Try it: A stretch of the entries below is to be set down exactly, running from the line with "Hermes HERMES Bag" through the line with "Thin teal blue", both included, and no other line.

Provided data:
....
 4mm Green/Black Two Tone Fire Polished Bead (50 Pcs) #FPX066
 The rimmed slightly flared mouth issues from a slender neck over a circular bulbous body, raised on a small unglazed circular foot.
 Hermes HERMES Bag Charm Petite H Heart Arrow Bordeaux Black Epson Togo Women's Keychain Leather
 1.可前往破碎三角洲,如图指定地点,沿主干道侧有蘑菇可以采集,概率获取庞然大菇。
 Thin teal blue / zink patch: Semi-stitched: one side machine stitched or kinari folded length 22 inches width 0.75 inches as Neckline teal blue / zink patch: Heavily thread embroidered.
....
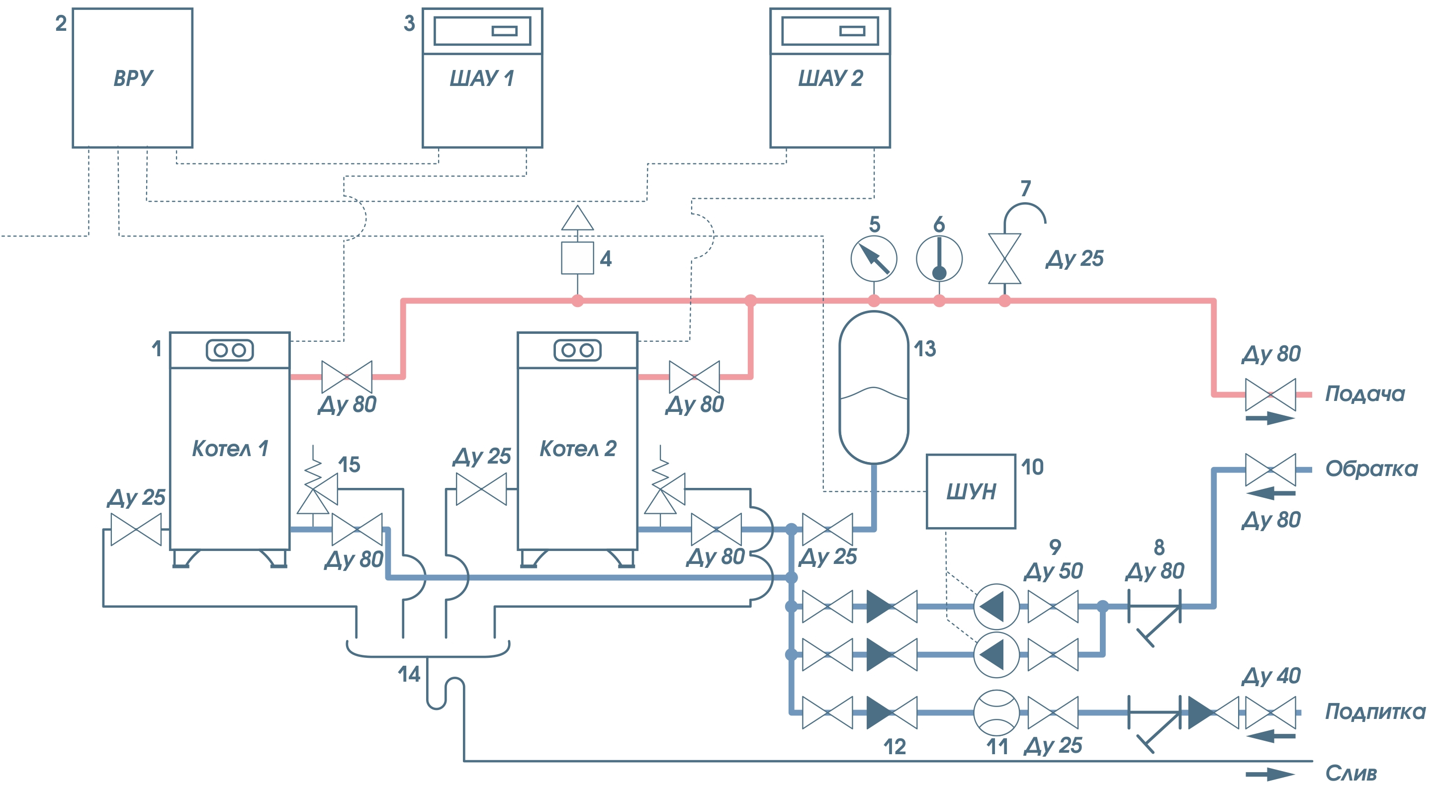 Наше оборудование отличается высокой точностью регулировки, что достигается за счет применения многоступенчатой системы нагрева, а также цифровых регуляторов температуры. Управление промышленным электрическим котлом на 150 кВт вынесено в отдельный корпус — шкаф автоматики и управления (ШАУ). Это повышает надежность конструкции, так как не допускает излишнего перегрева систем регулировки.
....
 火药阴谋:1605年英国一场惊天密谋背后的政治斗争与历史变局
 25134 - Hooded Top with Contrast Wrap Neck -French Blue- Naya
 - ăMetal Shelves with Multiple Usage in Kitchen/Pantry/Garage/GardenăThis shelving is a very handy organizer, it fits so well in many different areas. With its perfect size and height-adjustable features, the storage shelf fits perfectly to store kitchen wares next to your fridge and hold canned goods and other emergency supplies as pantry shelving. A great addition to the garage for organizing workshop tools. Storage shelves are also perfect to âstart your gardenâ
....
Task answer:
 Hermes HERMES Bag Charm Petite H Heart Arrow Bordeaux Black Epson Togo Women's Keychain Leather
 1.可前往破碎三角洲,如图指定地点,沿主干道侧有蘑菇可以采集,概率获取庞然大菇。
 Thin teal blue / zink patch: Semi-stitched: one side machine stitched or kinari folded length 22 inches width 0.75 inches as Neckline teal blue / zink patch: Heavily thread embroidered.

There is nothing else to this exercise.